Insanity: doing the same thing over and over and expecting different results.

E
INSTEIN

Aberdeen, Scotland

Nick Fennimore stared at the new mail in his inbox and his mouth dried. The subject line: ‘Is this your daughter?'

His hand jerked involuntarily. He slowed his breathing, forcing himself to look closely at the email, to think like a scientist and not a father. There was an attachment. He'd had messages like this before – usually from sick, sadistic men for whom causing others pain was a release. Those messages had been posted on the Facebook page he'd created in his daughter's name, but this was the first he'd had direct to his academic account. The sender was ‘anon67912' – a Hotmail account.

Fennimore ran the email and its attachment through his virus checker: no Trojans, spyware or viruses. He clicked to open the message envelope.
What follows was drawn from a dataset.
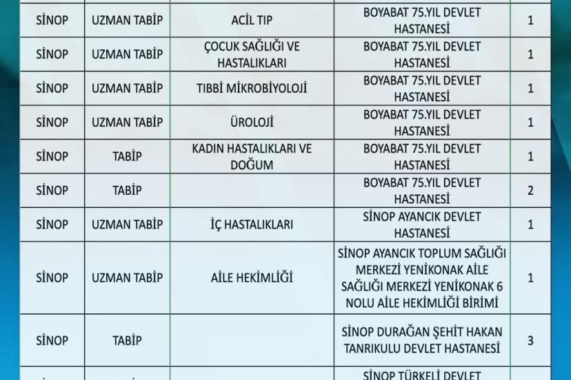 Sinop Atatürk Devlet Hastanesi: 1 kadın hastalıkları ve doğum uzmanı, 1 iç hastalıkları uzmanı. Boyabat 75. Yıl Devlet Hastanesi: Deri ve zührevi hastalıkları, acil tıp, çocuk sağlığı ve hastalıkları, tıbbi mikrobiyoloji, üroloji branşlarında birer uzman hekim; ayrıca 1 kadın hastalıkları ve doğum uzmanı (tabip kadrosu) ve 2 pratisyen tabip. Ayancık Devlet Hastanesi: 1 iç hastalıkları uzmanı.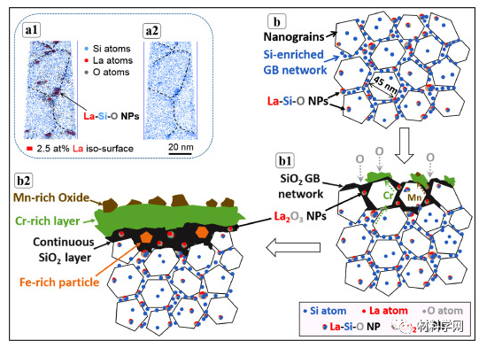 图 5。(a1) Si、La 和 O 的组合原子图和 (a2) Si 原子图的APT结果。(b) NC-304 的微观结构配置示意图,其 GB 装饰有 La-Si-O NPs 和隔离的 Si 原子。连续SiO 2愈合层的形成机制示意图:(b1)在纳米级GB 网络中快速形成SiO 2 ,(b2) 纳米晶基体晶粒的解离和伴随的连续SiO 2愈合层的形成。

There was no message – just the subject header and the attachment. He wiped cold sweat from his upper lip and double-clicked to view the attachment.

It was a girl. Just a girl. She was slim, serious-looking; she walked alongside a man. He seemed older – mid-thirties, at a guess. Suited, stocky. Dark hair, full lips, otherwise unexceptional. His eye was drawn again to the girl. Could this be Suzie?